Perhaps there will be a silver lining in this madness. It might be the last straw for the Eurozone which would force the countries to rethink the system and preferably provide some coherent currency sovereignty in line with the monetary arrangements - so kill the zone altogether or create a single fiscal unit.
Anyway, one more day mixing with senior UNDP officials who manage a range of social programs and are trying to get their heads around employment guarantees as a way to redress poverty in less developed countries. My favourite topic but unfortunately the alleged fiscal constraints keep coming up. While these policy makers clearly see the need for higher employment rates in the LDCs most are still operating under the spell of neo-liberal macroeconomics. This is sad for the millions in their countries that would love to work and find a self-determined way out of poverty.
...employment guarantees as a way to redress poverty in less developed countries. My favourite topic but unfortunately the alleged fiscal constraints keep coming up. While these policy makers clearly see the need for higher employment rates in the LDCs most are still operating under the spell of neo-liberal macroeconomics.
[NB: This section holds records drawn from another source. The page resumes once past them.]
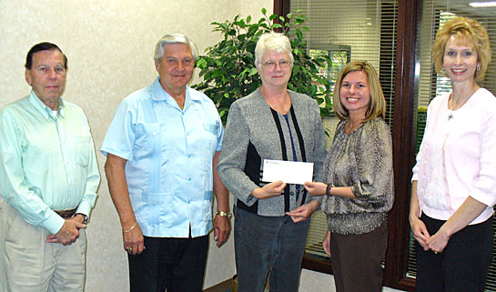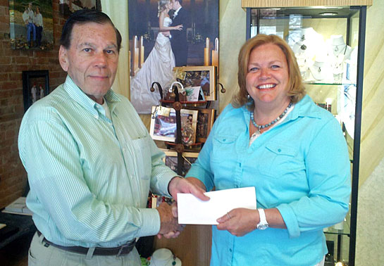 Two donations, worth a total of $1,500, were given to members of the Hot Air Festival Committee recently. In the photo above, Sherry Fetzer of Fetzer’s Jewelry in Delphos presents Bob Ainsworth, Hot Air Festival Committee member, with gifts of jewelry to be raffled off at this year’s Hot Air Festival. In the photo below, First Federal sponsors a balloon in this year’s Hot Air Festival. Receiving the sponsorship award are (from the left) Festival committee members  Ainsworth, Jerry Mazur and Ann Marshall (chairperson), while First Federal’s Suzie Grimes (second from right) and Rhonda Belt present the check. (First Federal President/CEO Brian Renner took the First Federal photo)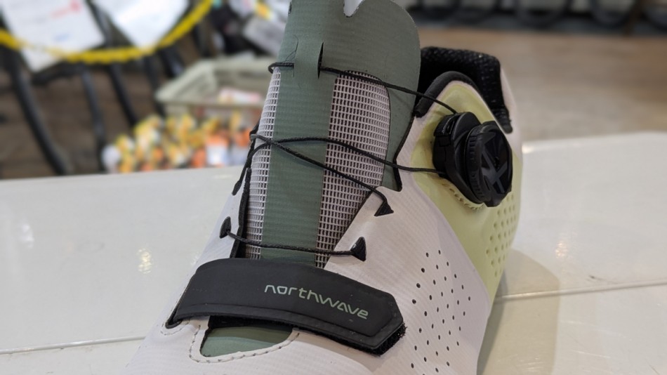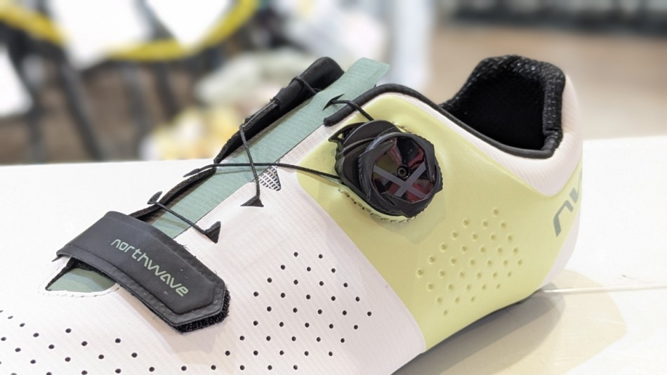 固定方法はベルクロとダイヤルのハイブリッド方式です。ダイヤルはノースウェーブ独自のSLW3ダイヤルを採用しています。ノッチ数が細かく足に合わせて調整が楽に行えます。またダイヤル上部にあるつまみは上に引っ張ることで開放され、下に押すことで0.7㎜ずつ緩めることが出来ます。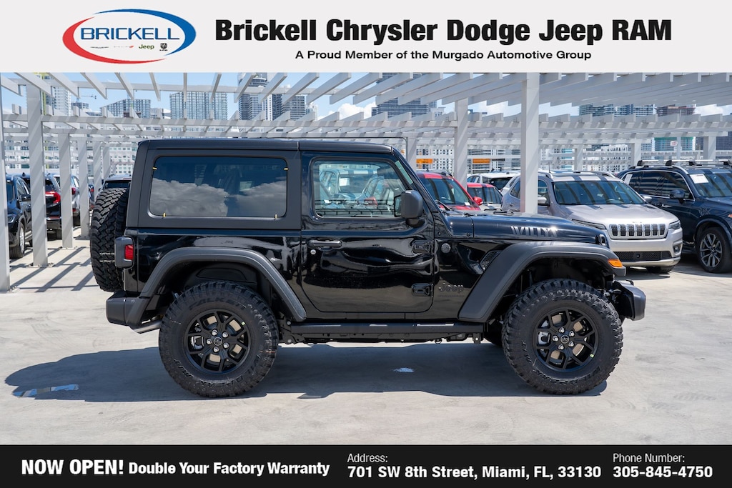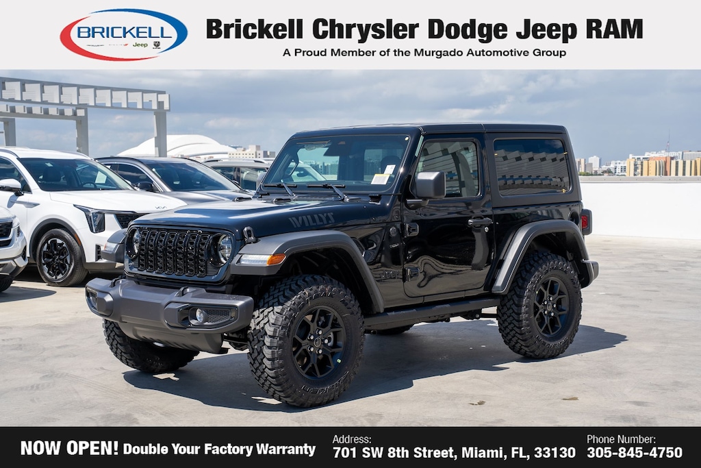 Price includes: $500 - 2025 National 2025 First Responder Bonus Cash. Exp. 01/05/2026 $500 - 2025 National 2025 Military Bonus Cash. Exp. 01/05/2026 Discover Your Next Vehicle at Brickell Chrysler Dodge Jeep Ram Welcome to Brickell CDJR, where we go beyond selling cars. We double the factory powertrain warranty, giving you added peace of mind. Our dealership offers one of the largest new car inventories in the region, ensuring you find the right vehicle Prices displayed do not included our Perma-plate. Our state-of-the-art service department is the largest in the country and is open seven days a week from 7 AM to 9 PM. Visit us at 701 SW 8th St, Miami, FL 33130, or call 305-777-2800 to learn more and schedule a test drive. The displayed price includes an incentive for financing with Brickell CDJR Finance Company. Outside financing and bank drafts are not accepted. All pre-owned vehicle exports are subject to an export fee. Prices apply only to customers who live, work, or worship in Broward, Miami-Dade, Palm Beach, Monroe, Collier, Hendry, Lee, Glades, Martin, St. Lucie, Okeechobee, Manatee, Hillsborough, Osceola, or Orange County. Customers outside these counties will pay an additional $ Taxes, title, registration, and dealer fees apply. Factory MSRP: $46,480 Black Clearcoat 2025 Jeep Wrangler Willys 4WD 8-Speed Automatic 2.0L I4 DOHC

They are missing so many links in the value chain between raw material extraction and consumption that attempting to increase their domestic consumption without an active import substitution program will unacceptably impair their foreign balance. And attempting an active import substitution program will unacceptably impair their relationship with the colonial powers. It's a double-bind, and the colonies are the ones being tied up in it and raped. Often literally.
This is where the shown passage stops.